[Collection entries]

■ ■ ■ ■ ■

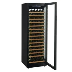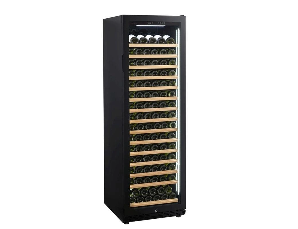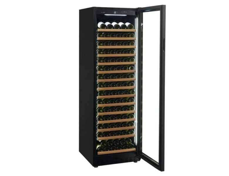 With a maximum capacity of 168 Bordeaux bottles. Each layer of bottles is supported on individual shelves, rather than stacked, for easy access to the wines. The unit also has a display shelf at the top that can be rearranged or additional shelves added at a later date. The temperature within the unit can be adjusted between 5-22°C, and it has a heating system to allow it to function in ambient temperatures as low as 0°C.
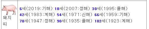2019년생 기해해에 태어난 아이들은 올해 6세 입니다. 2007년생, 1995년생, 1984년생, 1971년생, 1959년생 등 돼지띠 이신 분들은 올해 나이가 몇일까요?
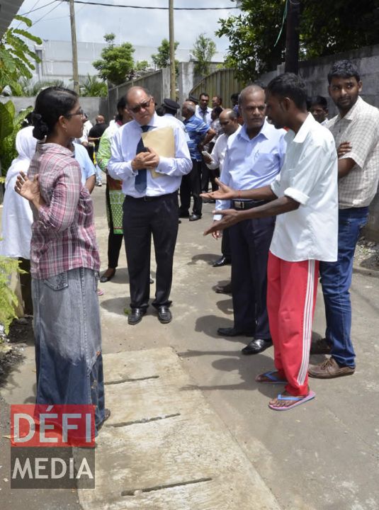 Cité La Cure a reçu, en fin d’après-midi jeudi, une visite assez inhabituelle. Les ministres Pradeep Roopun, Raj Dayal et Aurore Perraud étaient venus faire un constat de la situation à la suite des récentes grosses averses. « Aster la zot vin guet nou», lance un habitant à Pradeep Roopun, ministre de l’Intégration sociale, alors que ce dernier s’adresse à des journalistes. Le ministre ne se laisse pas intimider. « Nu ti vini et nu pe pran zot kont », rétorque-t-il.
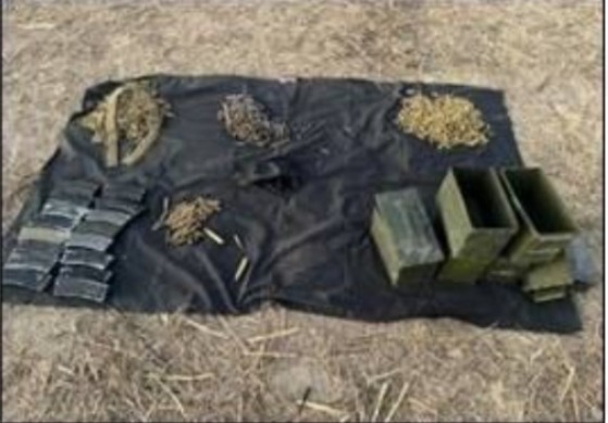 Se aseguraron 18 cargadores, 1,818 cartuchos de diversos calibres, 4 equipos de radiocomunicación, equipo táctico diverso, 8 chalecos porta placas, 5 pierneras y sustancias químicas para la elaboración de drogas sintéticas.
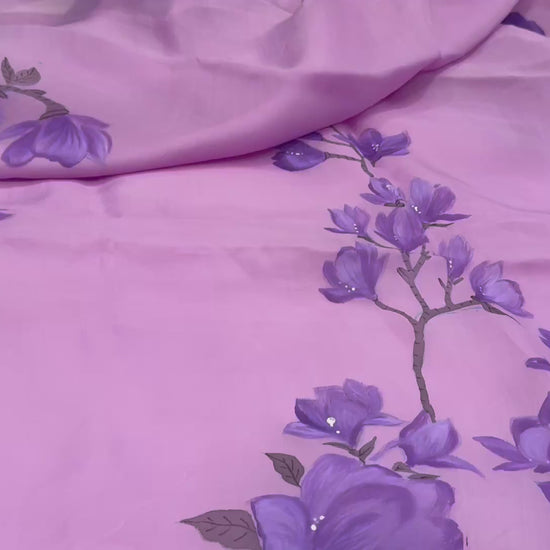 Purple Magnolia Dream — Handpainted Mauve Organza Silk Saree
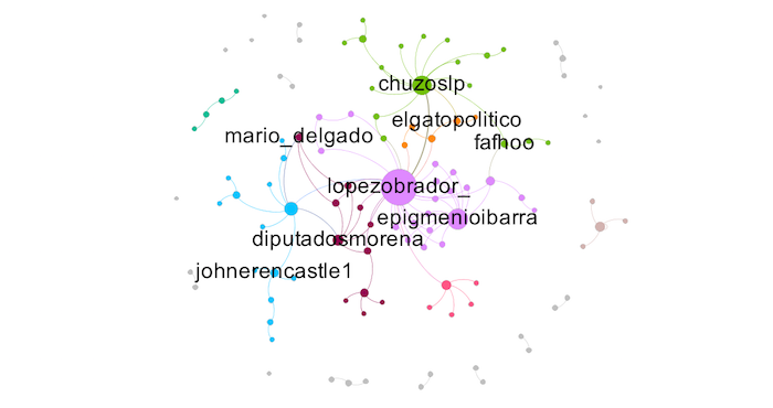 Usarios de Twitter que articularon la movilización en apoyo al Presidente Andrés Manuel López Obrador el jueves 6 de junio del 2019. En el gráfico se observa una red de usuarios que concentraron numerosas menciones en Twitter. Foto: SinEmbargo

■ ■ ■ ■ ■

*What you will do*. Pictures are to be omitted; otherwise, write out the data exactly as it appears.

*Written response*.
 With a maximum capacity of 168 Bordeaux bottles. Each layer of bottles is supported on individual shelves, rather than stacked, for easy access to the wines. The unit also has a display shelf at the top that can be rearranged or additional shelves added at a later date. The temperature within the unit can be adjusted between 5-22°C, and it has a heating system to allow it to function in ambient temperatures as low as 0°C.
2019년생 기해해에 태어난 아이들은 올해 6세 입니다. 2007년생, 1995년생, 1984년생, 1971년생, 1959년생 등 돼지띠 이신 분들은 올해 나이가 몇일까요?
 Cité La Cure a reçu, en fin d’après-midi jeudi, une visite assez inhabituelle. Les ministres Pradeep Roopun, Raj Dayal et Aurore Perraud étaient venus faire un constat de la situation à la suite des récentes grosses averses. « Aster la zot vin guet nou», lance un habitant à Pradeep Roopun, ministre de l’Intégration sociale, alors que ce dernier s’adresse à des journalistes. Le ministre ne se laisse pas intimider. « Nu ti vini et nu pe pran zot kont », rétorque-t-il.
 Se aseguraron 18 cargadores, 1,818 cartuchos de diversos calibres, 4 equipos de radiocomunicación, equipo táctico diverso, 8 chalecos porta placas, 5 pierneras y sustancias químicas para la elaboración de drogas sintéticas.
 Purple Magnolia Dream — Handpainted Mauve Organza Silk Saree
 Usarios de Twitter que articularon la movilización en apoyo al Presidente Andrés Manuel López Obrador el jueves 6 de junio del 2019. En el gráfico se observa una red de usuarios que concentraron numerosas menciones en Twitter. Foto: SinEmbargo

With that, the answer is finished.